What Is The Bredesen Protocol? An Evidence-Based Review
The Bredesen Protocol is a comprehensive, multi-pronged, and personalized approach to preventing or slowing down cognitive decline associated with Alzheimer’s disease.
This protocol is as popular as it is controversial. Of course, when it comes to controversy around new or alternative treatment methods for chronic illness, problems tend to arise when we’re looking for a black and white answer to a complicated question.
One of the most common and obvious questions about any treatment (especially a new or trendy one) is “does it really work?”, and this may not make for splashy headlines, but the answer is almost always “it depends”.
But I don’t say that to dismiss the question. Alzheimer’s is one of the scariest and most pervasive chronic illnesses of our time, and we owe it to ourselves, our loved ones, and our society to try to understand as much about it as we can.
Consideration of the Bredesen Protocol is an important part of this, so let’s break it down, from the strategies and possible benefits of the approach to the controversy and what the research says.
What Is The Bredesen Protocol?
The Bredesen Protocol is an approach to Alzheimer’s prevention that centers around the multifactorial nature of the disease.
There are seven key strategies to the Bredesen Protocol:
- Nutrition
- Exercise
- Sleep
- Stress
- Brain stimulation
- Detox
- Supplementation
If you’re thinking that these sound pretty similar to the central components of a functional medicine approach to health in general, you’re right. The protocol gets into many more specifics, but broadly speaking, we’re talking about whole-person centered, root-cause based, precision medicine that harnesses the power of diet and lifestyle choices.
More specifically, the protocol zeroes in on factors that can damage the brain and those that may help to protect it.
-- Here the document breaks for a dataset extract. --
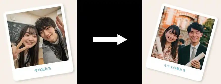 | 江崎グリコ株式会社は、新生活が始まる季節に合わせて、#Welcome Pocky「ミライ同窓会」キャンペーンを実施中です。本キャンペーンでは、「ポッキー」のパッケージにある二次元コードから写真撮影ページにアクセスし、友達と写真を撮影すると「オリジナル未来フィルター」で未来の姿の画像が生成され、ダウンロードできます。 | |||||||||||

Exposure to damaging triggers is reduced, while steps are taken to rebuild the neural network and strengthen the brain’s natural capabilities.
Some of the more specific steps and strategies that make up the Bredesen Protocol include:
History
The protocol was developed by Dr. Dale Bredesen, a neurologist with more than 30 years of experience studying the mechanisms behind neurodegenerative diseases, cognitive decline, memory loss, and Alzheimer’s.
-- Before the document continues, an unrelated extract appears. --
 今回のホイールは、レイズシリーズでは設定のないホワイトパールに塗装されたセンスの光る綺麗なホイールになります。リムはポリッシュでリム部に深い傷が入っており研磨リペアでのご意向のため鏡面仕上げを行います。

In 2014, Dr. Bredesen published a paper entitled Reversal of Cognitive Decline: A Novel Therapeutic Approach, outlining for the first time this new, multi-step protocol (1). The protocol has become quite popular since then, and a few small studies have recently observed promising cognitive benefits for individuals who follow its steps (2, 3)
Fundamentally, the Bredesen Protocol recognizes that multiple different environmental and genetic factors can contribute to the development of Alzheimer’s and that the exact combination of these factors varies from person to person.
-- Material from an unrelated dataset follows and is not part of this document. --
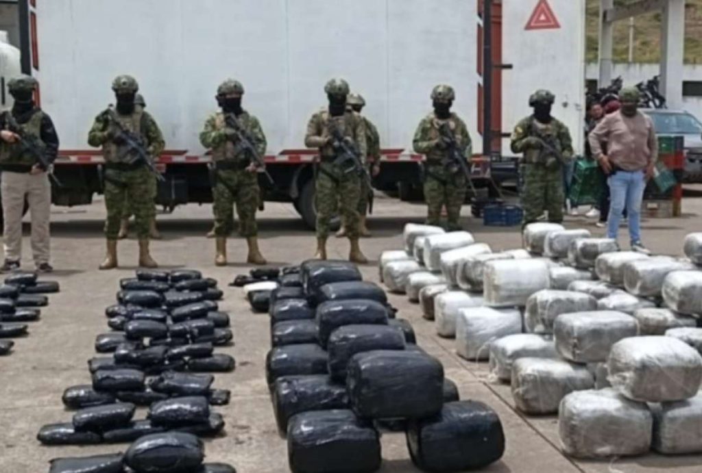 El Ejército ecuatoriano incautó 530 kilos de marihuana que estaban dentro de un vehículo que circulaba por una vía de la provincia de Carchi, fronteriza con Colombia, y detuvo al conductor, quien supuestamente está vinculado a una red de narcotráfico que opera en ambos países, informó este lunes la institución. Los militares estaban realizando un operativo de control de armas, municiones y explosivos en una vía del municipio de Huaca, en Carchi, cuando decidieron parar a un camión en el que hallaron un doble fondo que ocultaba bultos con una sustancia vegetal verdosa, presumiblemente marihuana. En total, los soldadosdecomisaron 77 sacos blancos grandes, 18 bolsas negras grandes, una bolsa mediana blanca, cuatro bolsas medianas negras y 94 bolsas negras pequeñas. Además, detuvieron al conductor del camión, identificado como Byron Ch., quien está considerado como un objetivo de mediano valor por estar supuestamente vinculado a redes de narcotráfico que operan en sectores ubicados entre Ecuador y Colombia.

The approach involves testing to identify individual risk factors, and the implementation of several holistic strategies to support brain health into older age.
Criticisms
Let’s take a look at some of the main criticisms around the Bredesen Protocol.
1. Lack Of High-Quality Evidence
Most criticism of the Bredesen Protocol relates to the fact that research on the method is limited, and the papers that have been published and cited as evidence to date are primarily observational case studies or series’.
Some of the papers Dr. Bredesen has authored on the protocol have been published in journals that don’t necessarily have the most rigorous standards for review, and are missing important information related to study methodology and limitations (4).
My response: While it’s true that research is somewhat limited because of the multifactorial nature of this approach, it’s also true that no system in the body operates in a vacuum. Trying to treat a single symptom of a disease with a single treatment modality is one reason modern medicine tends to fail many of those it’s trying to help.
- Use of supplements. Even many critics of the Bredesen Protocol acknowledge that some of its components are likely to be helpful, including exercise, mental stimulation, and eating a healthy, anti-inflammatory diet. However, the use of supplements as a component of the protocol is more controversial. This ties in with the first area of criticism: the supplements recommended as part of Dr. Bredesen’s method have not (or not yet) all been proven to prevent or reverse Alzheimer’s (though some have been shown to have benefits for various pathologies associated with Alzheimer’s, such as reducing inflammation).
- Cost. Again, this criticism ties in with the first two, with the concern being that patients may be spending potentially large sums of money on a protocol that hasn’t been proven to work. The cost of the Bredesen Protocol is not exactly the same for everyone, but some components, like testing and optional supplements, as well as the fees associated with working with a clinician trained on the protocol, can add up. Unfortunately, insurance coverage is limited for treatments and tests that fall outside of the conventional medicine paradigm. However, if we can prevent or slow cognitive decline and other chronic illnesses associated with aging, we are likely looking at substantially lower costs of care over the course of a lifetime.
Ultimately, when it comes to the question of evidence or “proof" in the healthcare field, especially outside of the realm of single purpose pharmaceutical drugs or treatments, the answer is not always simple.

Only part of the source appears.